I am exporting an excel file (Excel 2016) containing Japanese characters into CSV. (Note : I am not exporting to CSV UTF-8 provided). In the process, all Japanese characters are replaced with '?'
My Windows/Office locale is Japan/Japanese & Windows/office language/format is all Japanese.
I understand that excel uses a codepage to save the CSV file in particular encoding. My understanding was this should be Shift-JIS (as default encoding for Japanese locale). If that is so, why the loss of information & replacement by '?'
What encoding does Excel try to save the CSV in???
(FYI : If I try to open an CSV, excel by default attempts to open the CSV in Shift-JIS 932 as expected)

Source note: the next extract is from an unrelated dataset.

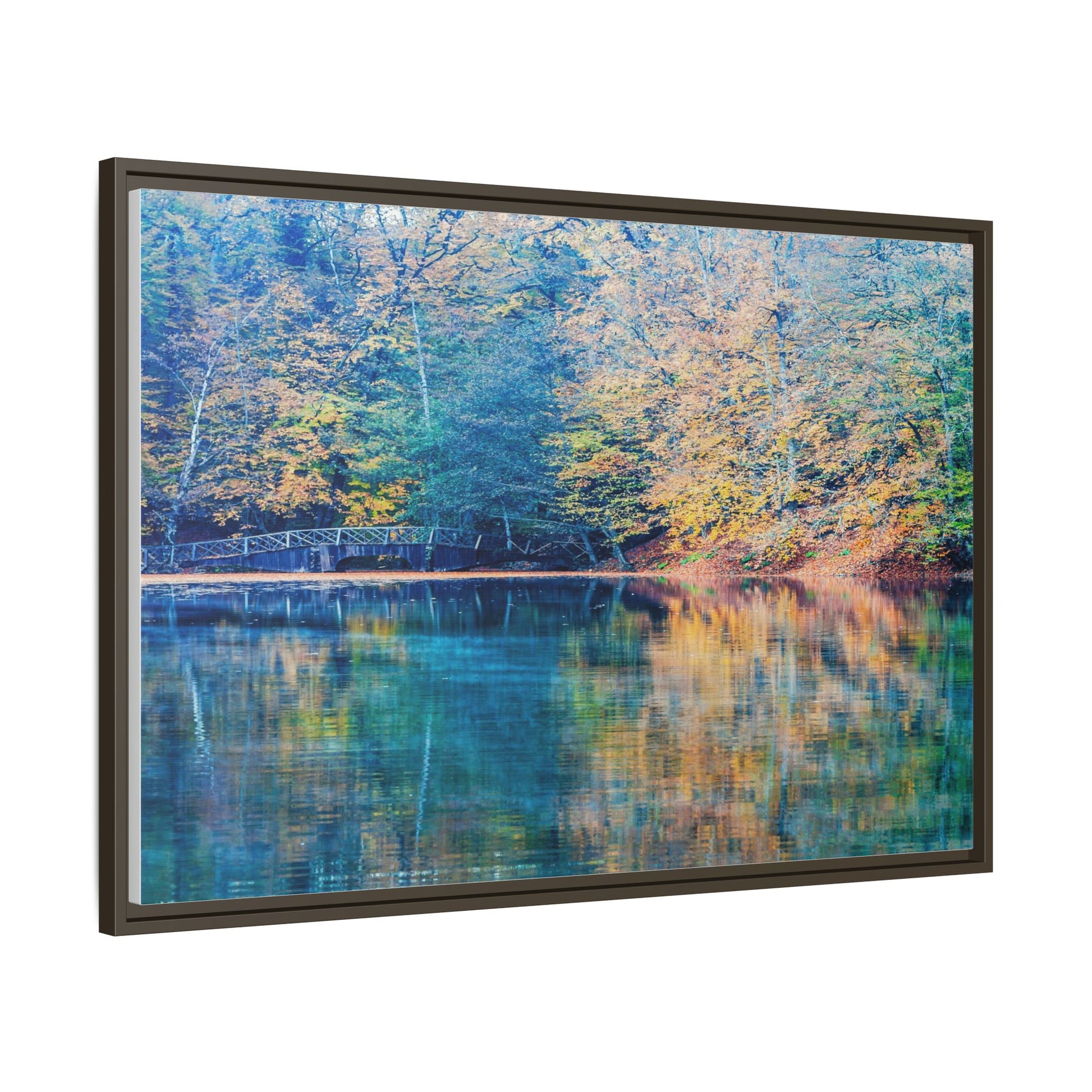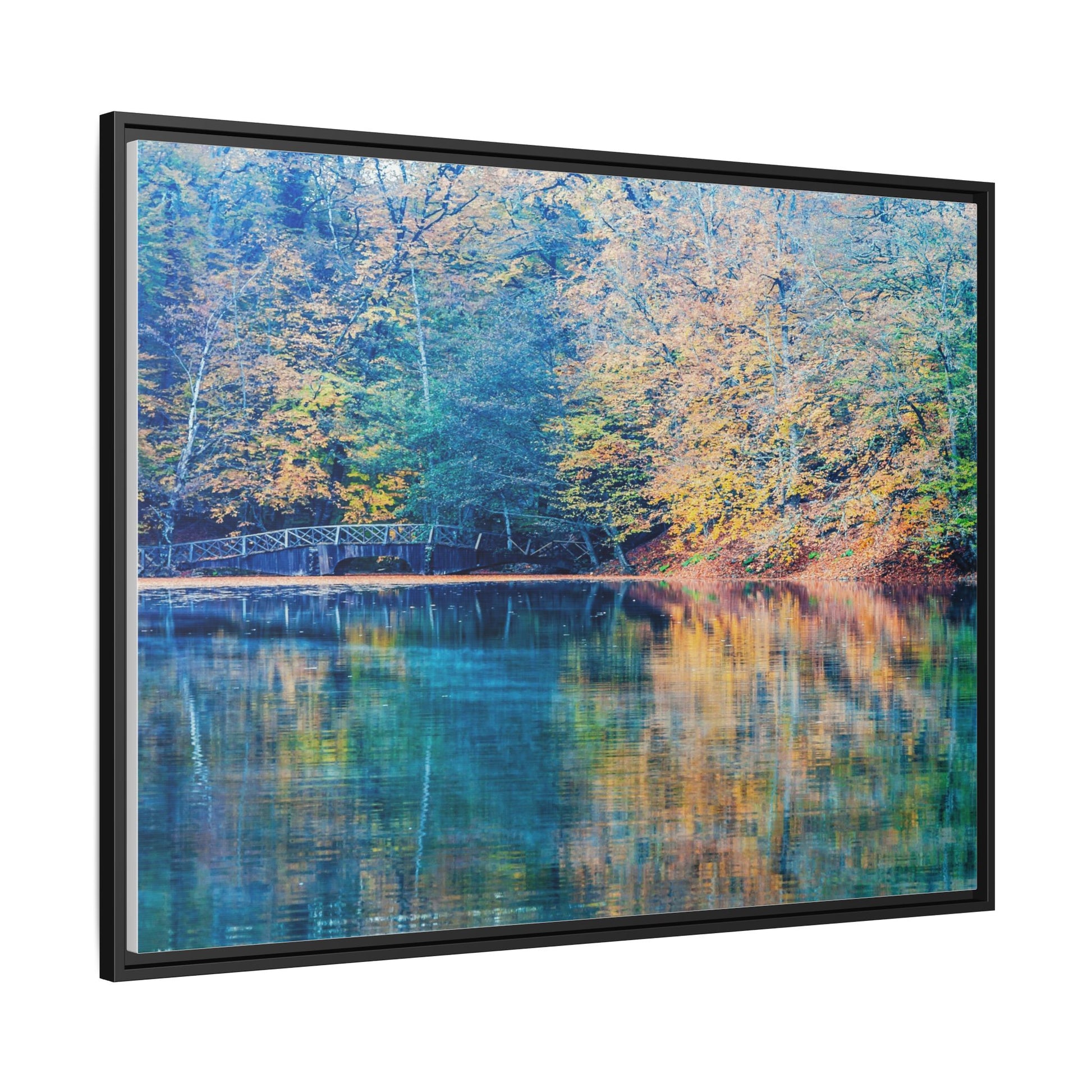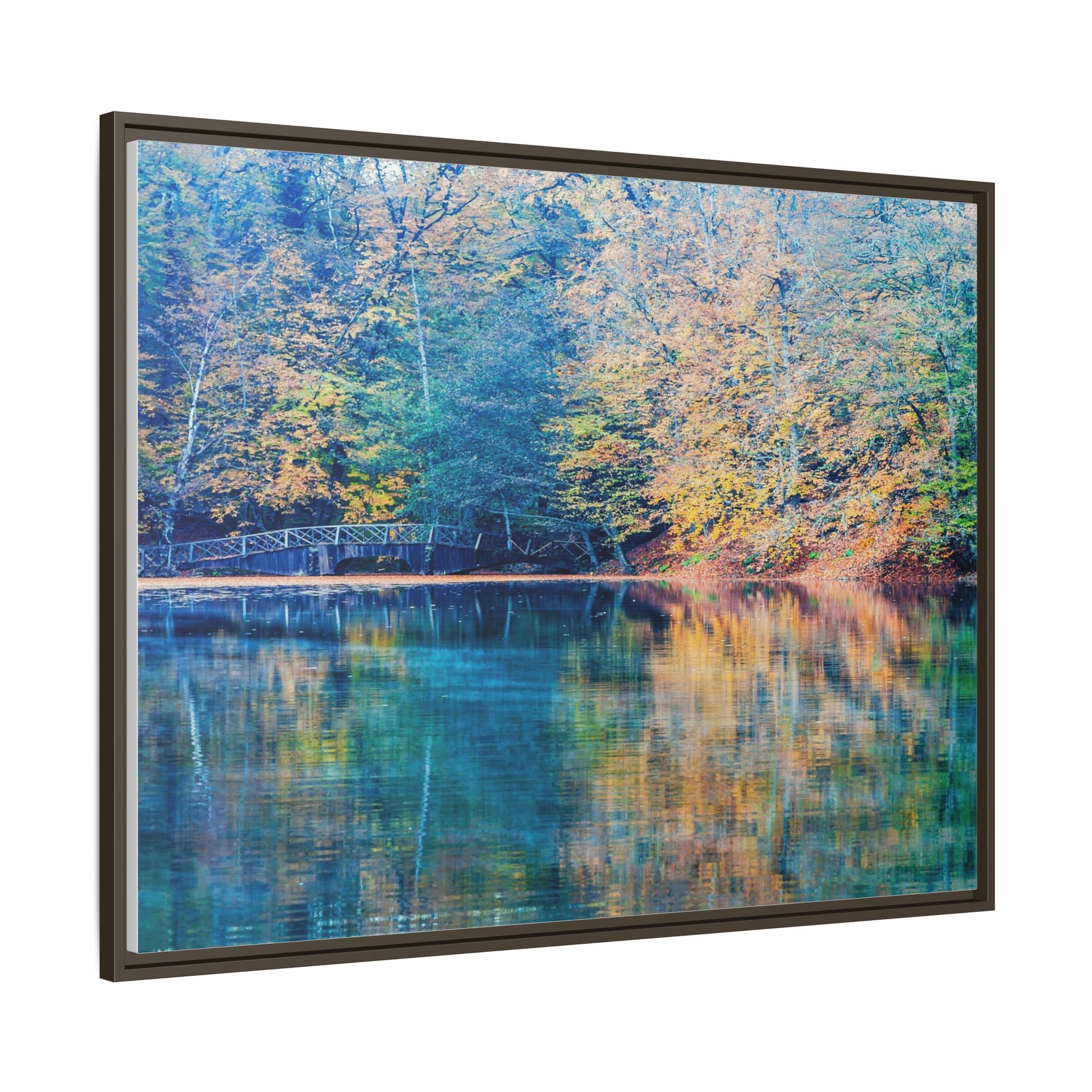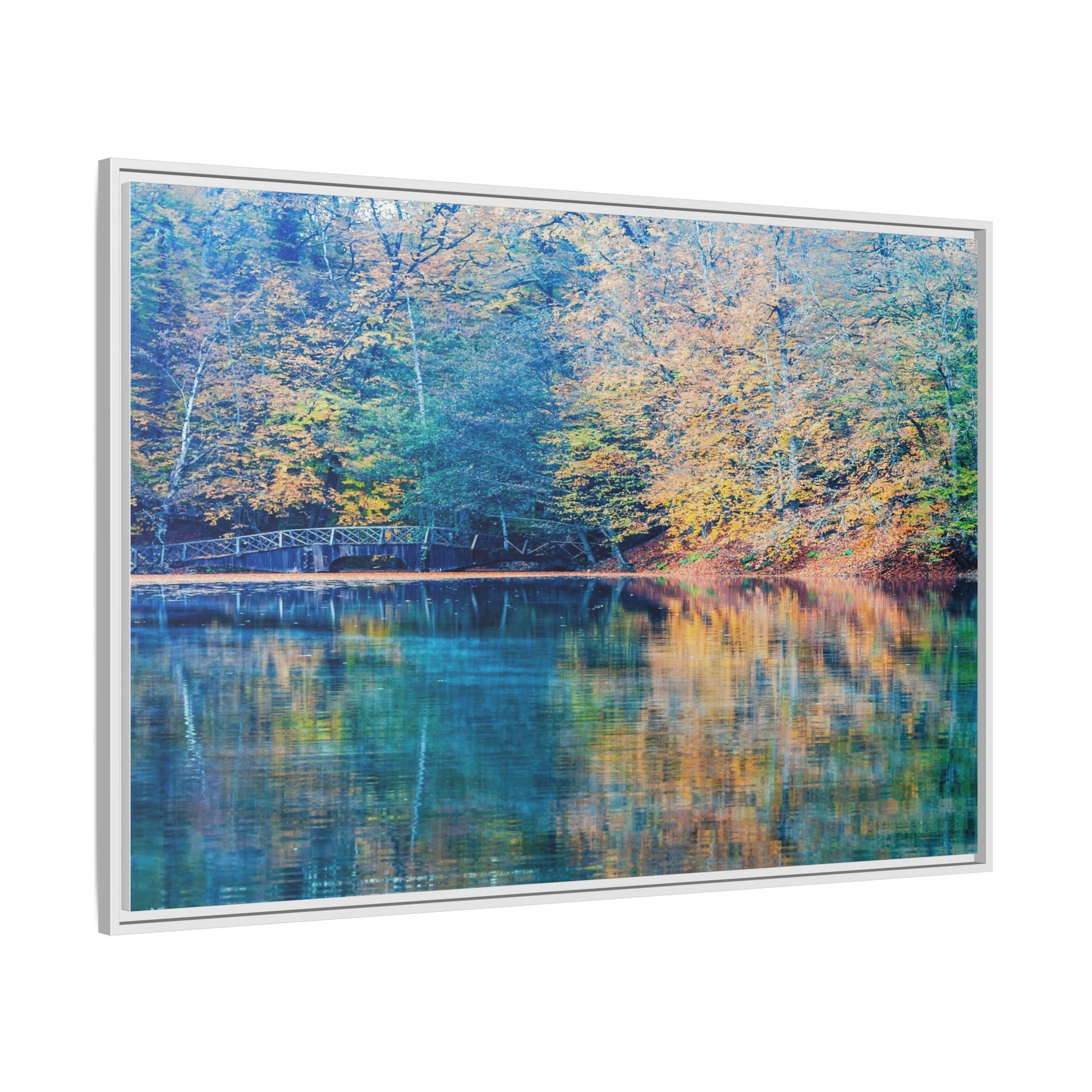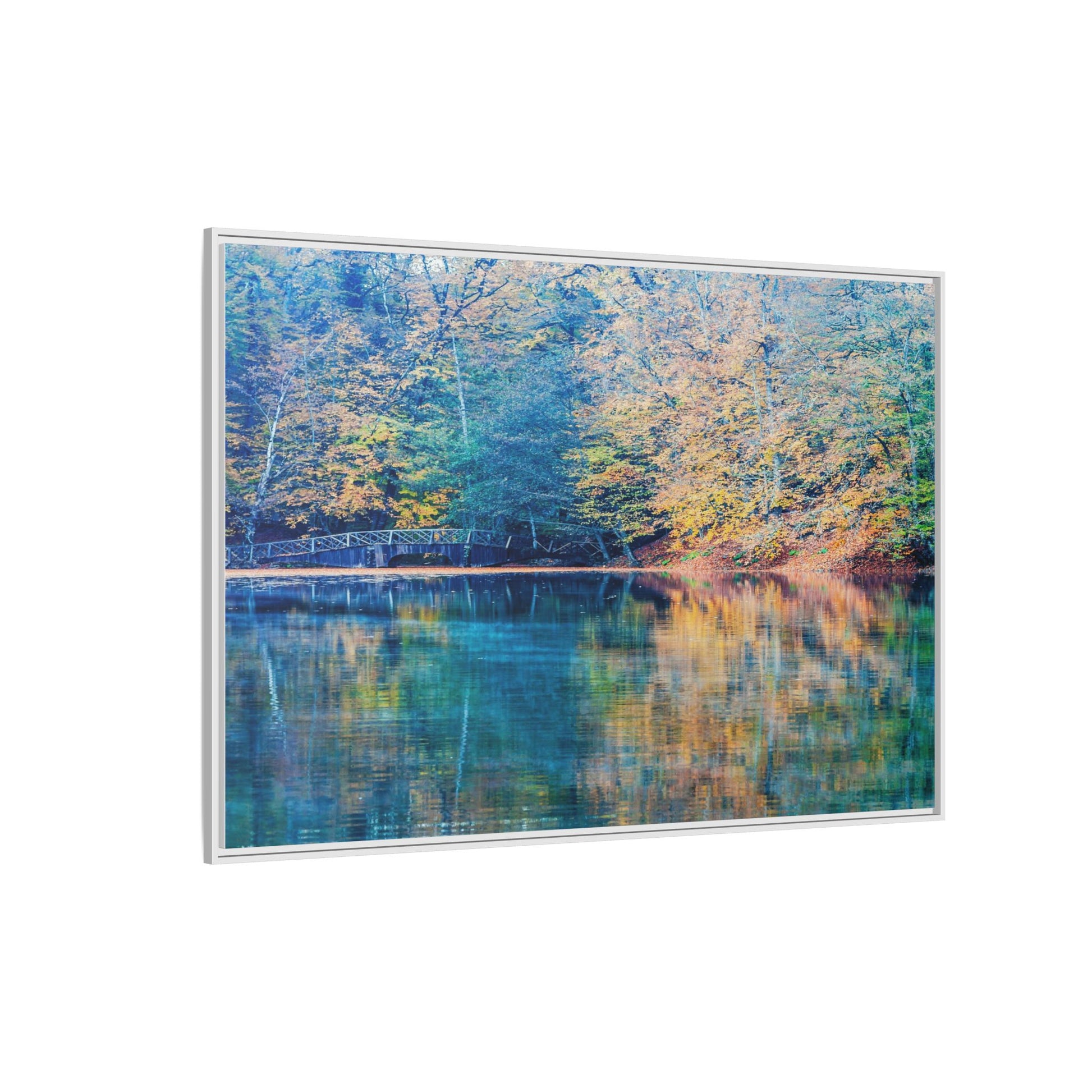 Immerse yourself in this breathtaking autumn landscape featuring a serene lake reflecting the vibrant fall foliage with stunning clarity. The image captures a picturesque wooden bridge nestled among trees adorned in golden, green, and amber hues, creating a mesmerizing color palette that shifts between cool blue and warm orange tones. The water's surface acts like a perfect mirror, doubling the scenic beauty and creating a symmetrical composition that blends the forest's natural textures with ethereal color reflections. Intricate tree branches frame the scene, while the delicate bridge provides a subtle human-made element that enhances the natural landscape's tranquil atmosphere. The photograph's high-definition quality and carefully balanced color spectrum transform this woodland scene into a dreamlike visual experience that captures the magical essence of autumn.

Note : I am aware of workarounds of using UTF-8. I am interested in understanding above behavior, more than a workaround
Thanks
Best Answer
Excel handles CSV encodings badly, and always did.
Exporting a document as Comma Separated CSV does not use your locale’s codepage but saves the characters as ASCII. Characters that cannot be represented that way are exported as question-marks. Only characters in the ASCII range of 0 to 127 are guaranteed to be exported correctly.
The reason for that is maybe that this code in Excel was written even before Windows supported Unicode, but this is just a guess. Office is full of such patch-works, and one needs to use what works.